User satisfaction = compliant product + good quality + delivery within


budget and schedule
Software Quality Assurance (SQA)
• Definition:
– Conformance to explicitly stated functional and
performance requirements, explicitly documented
development standards, and implicit characteristics that
are expected of all professionally developed software.
• Definition serves to emphasize three important points:
– Software requirements are the foundation from which quality is
measured. Lack of conformance to requirements is lack of
quality.
– Specified standards define a set of development criteria, If the
criteria are not followed, lack of quality will almost surely result.
– A set of implicit requirements often goes unmentioned.

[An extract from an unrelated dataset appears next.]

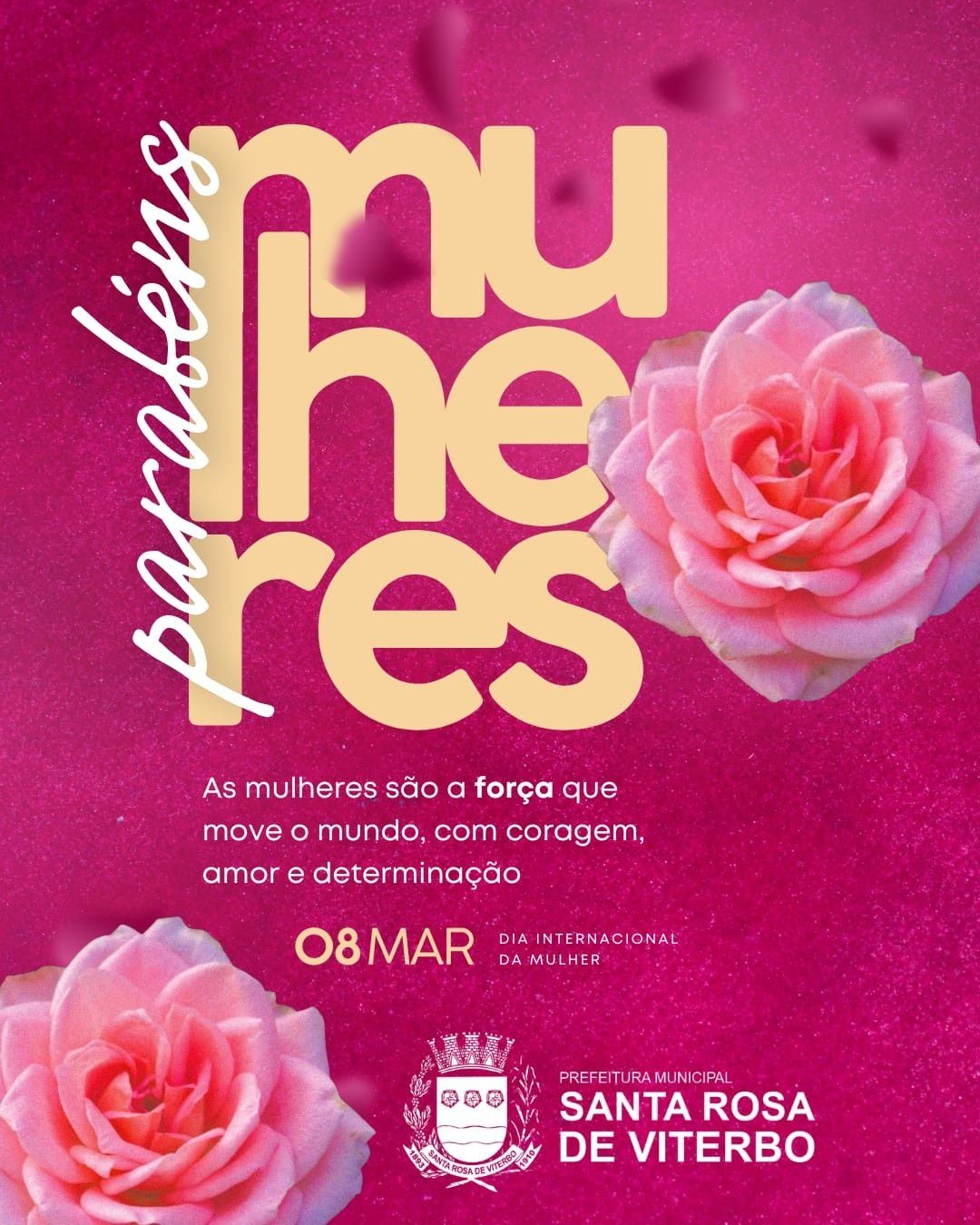 A Prefeitura de Santa Rosa de Viterbo parabeniza todas as mulheres pelo Dia Internacional da Mulher, celebrando sua força, sua presença e sua contribuição para uma cidade cada vez melhor.

If
software conforms to its explicit requirements but fails to meet
implicit requirements, software quality is suspect
SQA group activities
• SQA group made up of software engineers, project managers,
customers, salespeople, and the individuals members.
• Software quality assurance is composed of two different
constituencies.
– Software engineers who do technical work
– SQA group that has responsibility for quality assurance
planning, oversight, record keeping, analysis, and reporting.

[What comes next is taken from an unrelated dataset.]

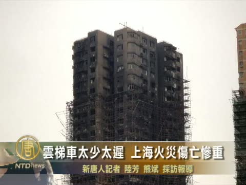 【新唐人2010年11月16日訊】中國上海靜安區15日下午一幢28層民宅發生火災。官方報導死亡的人數上升至53人,正在醫院治療的傷者有70人。當地居民分析火災傷亡慘重的原因是,能發揮救火作用的雲梯車太少,而且來的太遲。
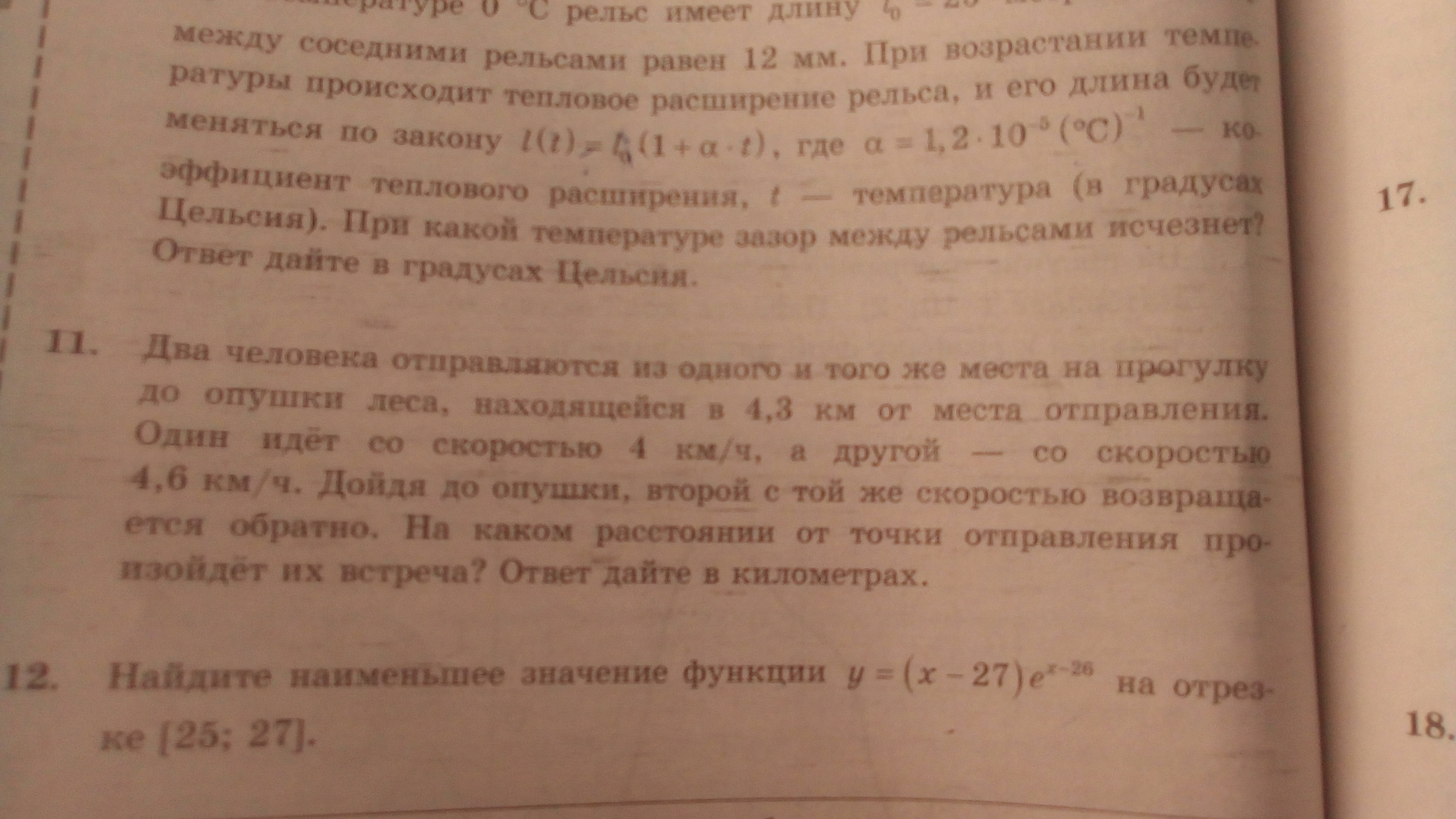 11. Если первый прошел S км до встречи, то второй прошел (4.3 + (4.3 - S)) = 8.6 - S км. Время движения у обоих одинаковое:

• Software engineers address quality activities by applying
technical methods and measures, conducting formal technical
reviews, and performing well-planned software testing.
• SQA group is to assist the software team in achieving a high
quality end product.
Role of an SQA group
1. Prepares an SQA plan for a project.
• The plan is developed during project planning and is reviewed
by all stakeholders.
• The plan identifies
– Evaluations to be performed
– Audits and reviews to be performed
– Standards that are applicable to the project
– Procedures for error reporting and tracking
– Documents to be produced by the SQA group
– Amount of feedback provided to the software project team
2. Participates in the development of the project’s software
process description.
• The SQA group reviews the process description for
compliance with organizational policy, internal software
standards, externally imposed standards (e.g., ISO-9001), and
other parts of the software project plan.
3. Reviews software engineering activities to verify compliance
with the defined software process.
• The SQA group identifies, documents, and tracks deviations
from the process and verifies that corrections have been
made.
4. Audits designated software work products to verify
compliance with those defined as part of the software
process.
• The SQA group reviews selected work products; identifies,
documents, and tracks deviations; verifies that corrections
have been made; and periodically reports the results of its
work to the project manager.
5. Ensures that deviations in software work and work products
are documented and handled according to a documented
procedure.
• Deviations may be encountered in the project plan, process
description, applicable standards, or technical work products.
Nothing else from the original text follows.